The pathway is redox-reversible, making S. onedesis MTR-1 capable of both inward and outward EET (82, 83). However, this is dependent on the outermost enzyme, MtrC, directly contacting the anode or cathode. To allow this to occur at greater distances, Shewanella spp can form extensions of its outer membrane, with embedded MTR machinery in response to oxygen limitation (69, 79, 80, 84). By forming these cellular protrusions, S. onedesis MTR-1 has evolved a strategy to extend the spatial range of Mtr-facilitated EET (80), enabling long-range direct EET (Figure 3(b)).

However, the EET mechanism of these protrusions (‘nanowires’) in S. onedesis MTR-1 is less clearly understood. A seminal 2014 study used gene expression analysis, combined with directly labelling cellular components and immunofluorescence imaging to capture the structure of S. onedesis MTR-1 nanowires and suggested a series of outer membrane vesicles enabling EET over micrometre distances (80). This could explain the difficulties previous studies experienced in isolating S. onedesis MTR-1 nanowires, as they are indistinguishable from the rest of the cellular membrane, making the extraction and analysis of individual filaments a significant challenge. Building on this work, Subramanian et al. proposed that EET occurs via a combination of ‘electron-hopping’, and diffusion between redox-active proteins located on dynamic, outer-membrane-vesicles conjoined to form conductive ‘nanowire’ extensions (79).

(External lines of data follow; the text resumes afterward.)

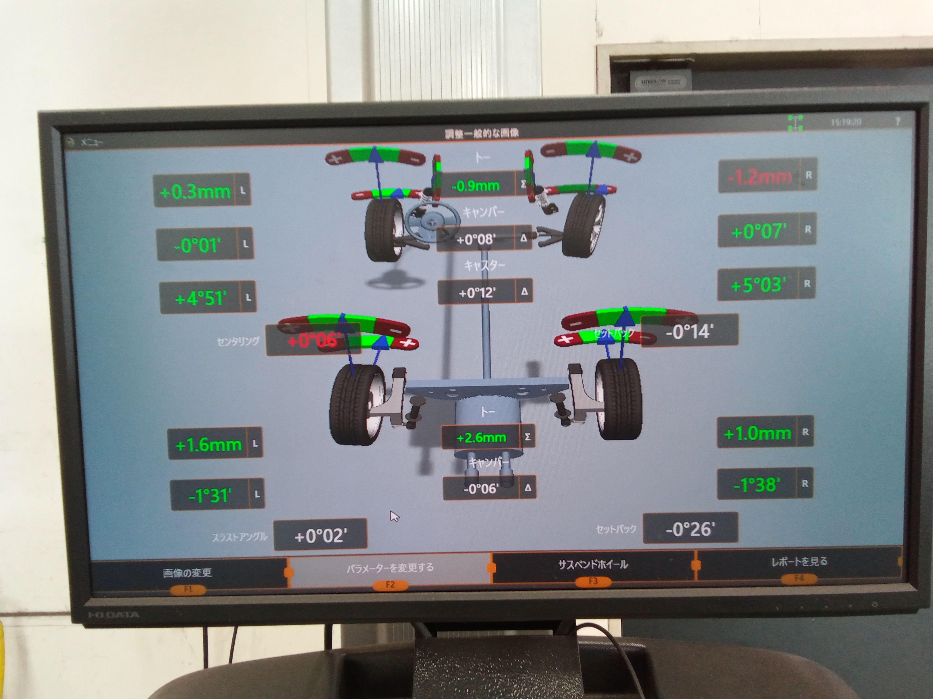 右前のフロントのタイヤが外に開いてしまっています、、、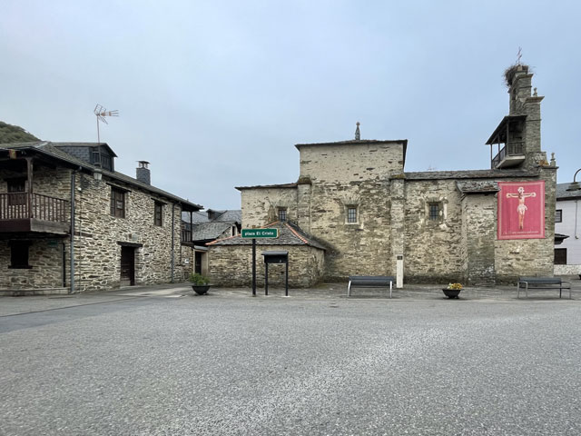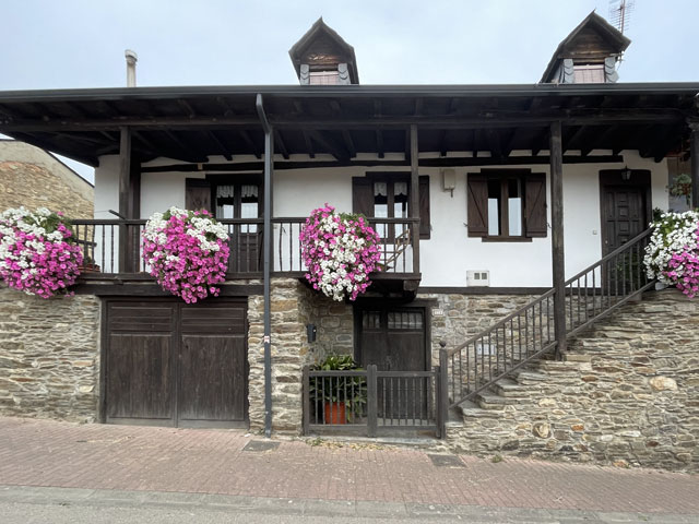 Auf der Straße ging es dann nach Borrenes hinein, wo alles verschlafen war. Auf dem Weg dorthin bin ich von einem anderen Pilger, dem einzigen, den ich zu sehen bekommen habe, eingeholt worden. Es ist wieder mal ein Italiener, Marco (69) aus der Nähe von Florenz. Er hat zuletzt in der Verwaltung eines Krankenhauses gearbeitet und ist jetzt berentet. Er hat Frau, Sohn, drei Enkeltöchter und etwa so viele Caminos wie ich hinter sich. Er spricht zwar noch schlechter Englisch als ich, kann sich aber als Italiener hier ganz gut verständigen. Die Sprachen sind wohl ziemlich ähnlich.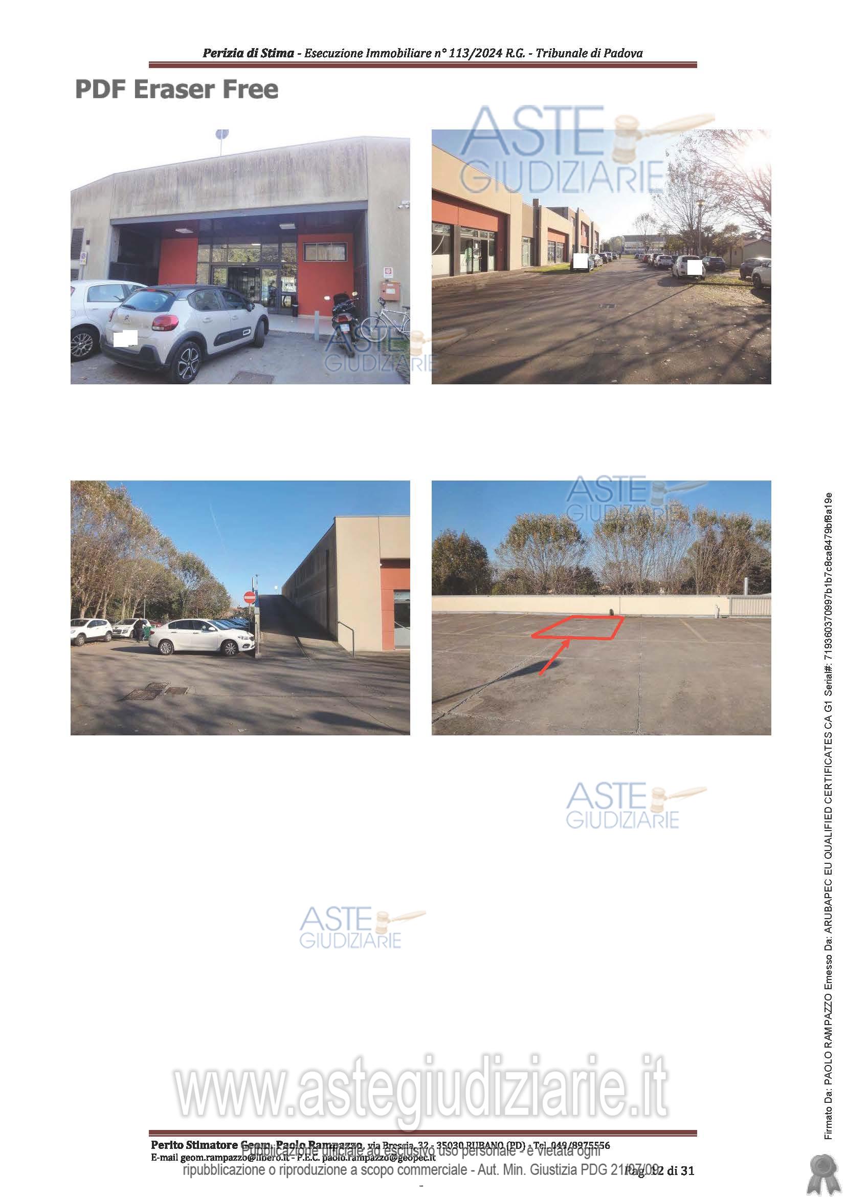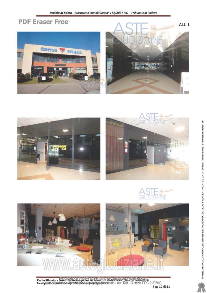 Vendita all'asta Senza incanto, con gara telematica sincrona - LOTTO UNICO: Locale commerciale al piano terra, fronte galleria, con compartimentazioniinterne, servizio igienico con antibagno e spogliatoio per complessivi lordi mq. 107,00 ca. Posto auto scoperto al piano p. Prezzo base € 90.400,00 (offerta minima € 67.800,00). Data vendita 06/05/2026 ore 16:00. Giudice Giovanni G Amenduni. Professionista delegato alla vendita Dott. Chiara Marchetto - Email "procedure@studiotmv.it". Custode Giudiziario Dott. Chiara Marchetto - Email "procedure@studiotmv.it"; Tel. 049652479. Rif. Tribunale di Padova - Espropriazione immobiliare (cartabia) n. 113/2024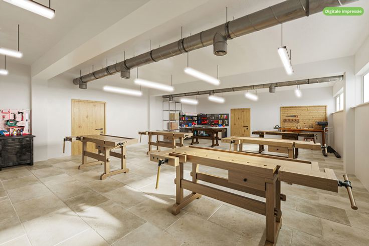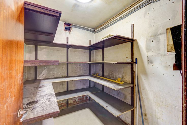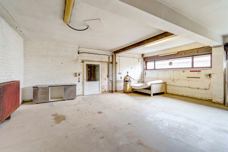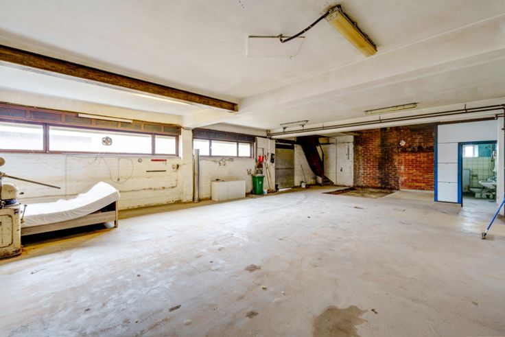 Magazijn: Grote opslagruimte, ingedeeld in verschillende secties, ideaal voor commerciële doeleinden.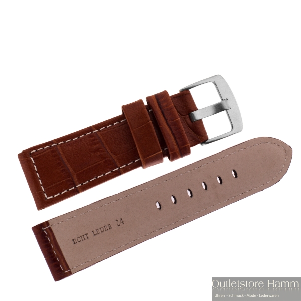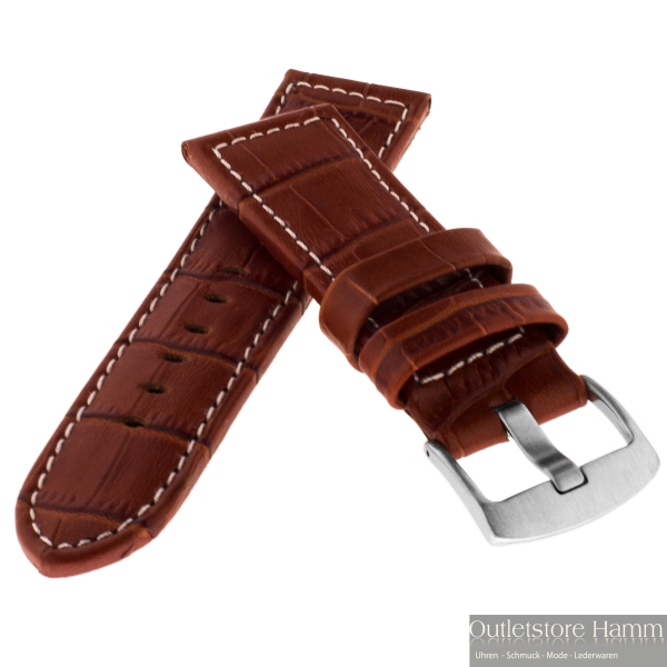 Hochwertig verarbeitetes Uhrenarmband mit Alligator-Louisiana-Prägung.
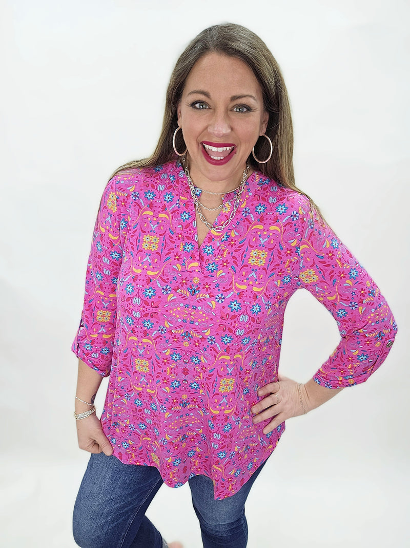 DEAR SCARLETT - LIZZY TOP - PINK/BLUE MULTI PRINT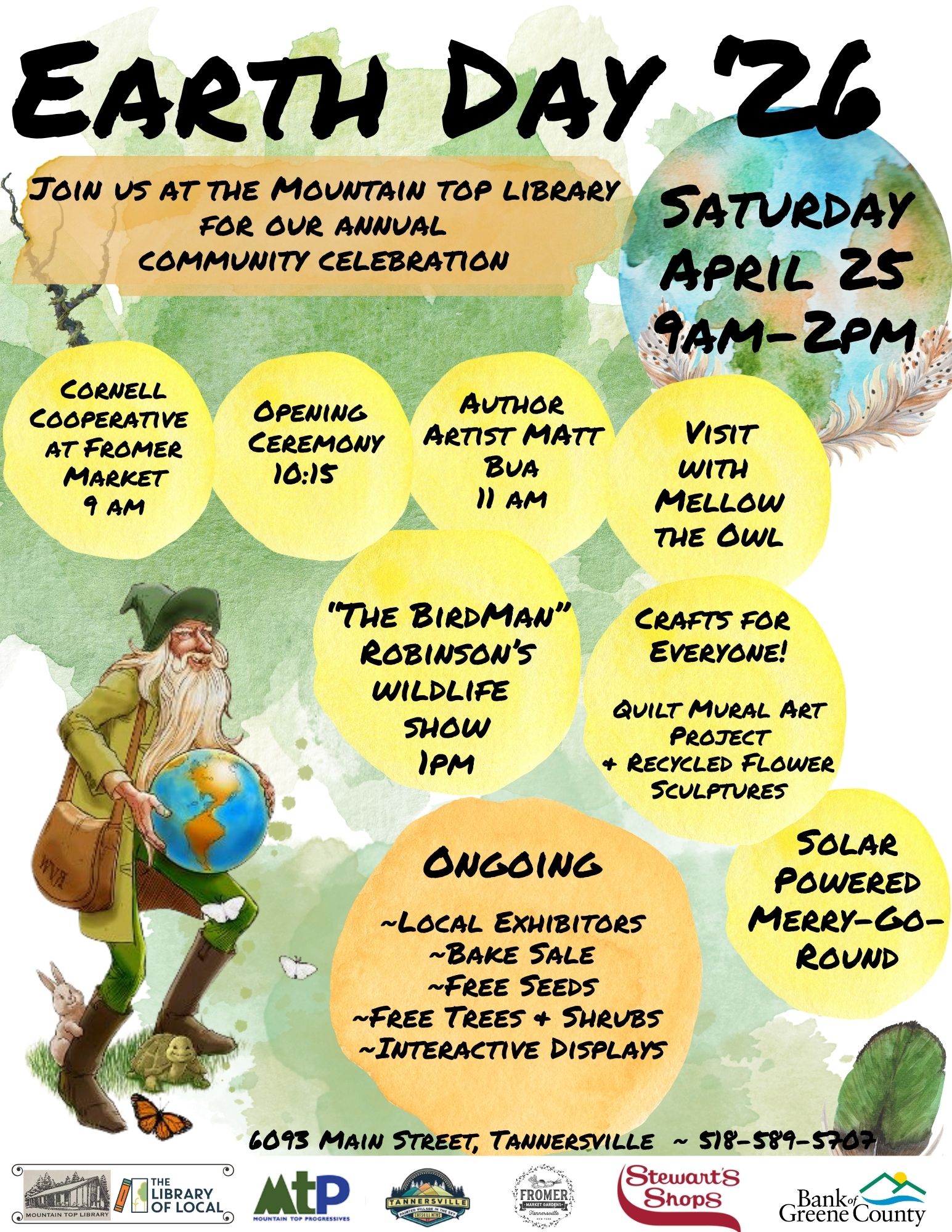 Join us for the 8th Annual Earth Day Celebration at Mountain Top Library in Tannersville. This beloved community event highlights the region’s rich conservation history with activities for all ages, including wildlife presentations, interactive exhibits, art projects, free seeds, a bake sale, and more.

While it has been suggested that S. onedesis MTR-1 is capable of lower current generation than other currently known exoelectrogenic strains (59, 8587), it remains one of the most studied organisms in bioelectrochemical systems. The bidirectional EET nature of the Mtr pathway means it can be used in both MFC and MES (82, 8890), in contrast to other long-range direct EET mechanisms for which the ability to operate bidirectionally is unclear. Significant gains in expanding the synthetic biology toolkit of S. onedesis MTR-1 have been achieved, including the use of inducible expression and repression systems (9193), and production of electrocompetent cells (94), important tools to study the underlying biology of EET and allowing precise, high-throughput genetic modification. Expression of the Mtr pathway in Escherichia coli has been undertaken by several research groups (17, 9598), allowing the leverage of advanced genetic modification tools. Reactor setup is also highly influential on the rate of S. onedesis MTR‐1 EET, with a highly cited study achieving 100% increases in power generation using oxygen-limiting conditions and high electrode surface area to reactor volume in a miniature 1.2 cm3 MFC (99). These findings suggest further optimisation of reactor setup may allow higher current generation gains.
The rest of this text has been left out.